Supplied entries →
····················

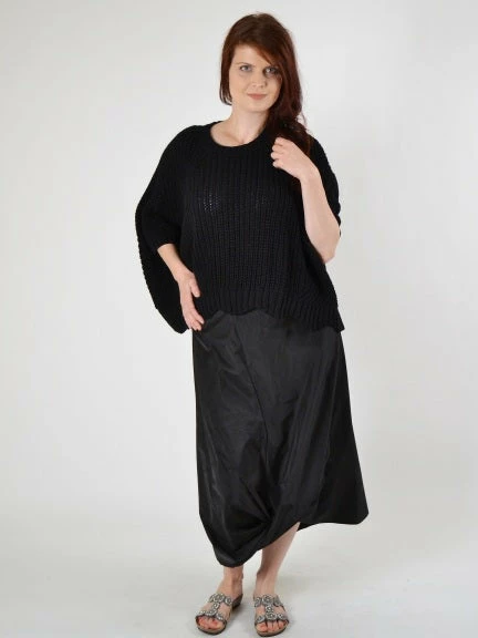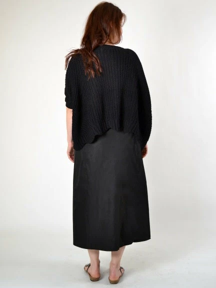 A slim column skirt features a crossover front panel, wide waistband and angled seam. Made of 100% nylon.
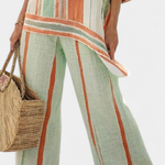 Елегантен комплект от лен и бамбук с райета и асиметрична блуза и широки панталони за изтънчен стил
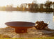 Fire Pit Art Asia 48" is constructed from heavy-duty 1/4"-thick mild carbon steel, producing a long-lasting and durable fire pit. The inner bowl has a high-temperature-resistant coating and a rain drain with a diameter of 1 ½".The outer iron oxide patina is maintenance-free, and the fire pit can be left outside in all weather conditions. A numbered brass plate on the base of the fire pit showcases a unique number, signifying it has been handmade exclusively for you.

····················

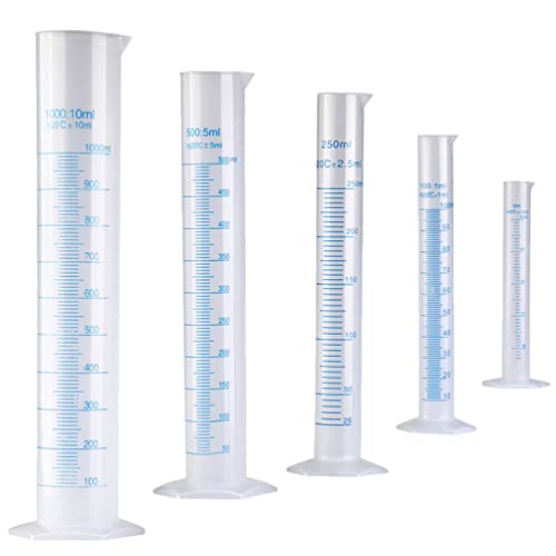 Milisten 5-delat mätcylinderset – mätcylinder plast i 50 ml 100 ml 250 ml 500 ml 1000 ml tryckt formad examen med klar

····················

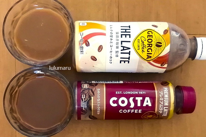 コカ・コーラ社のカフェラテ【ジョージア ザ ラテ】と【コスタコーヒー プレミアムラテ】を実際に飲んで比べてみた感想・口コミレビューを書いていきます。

····················

Exercise objective → Start at the line above containing "A slim column" and stop at the line containing "Елегантен комплект от": print those lines and everything between them exactly, but not the pictures.

Response for this exercise →
 A slim column skirt features a crossover front panel, wide waistband and angled seam. Made of 100% nylon.
 Елегантен комплект от лен и бамбук с райета и асиметрична блуза и широки панталони за изтънчен стил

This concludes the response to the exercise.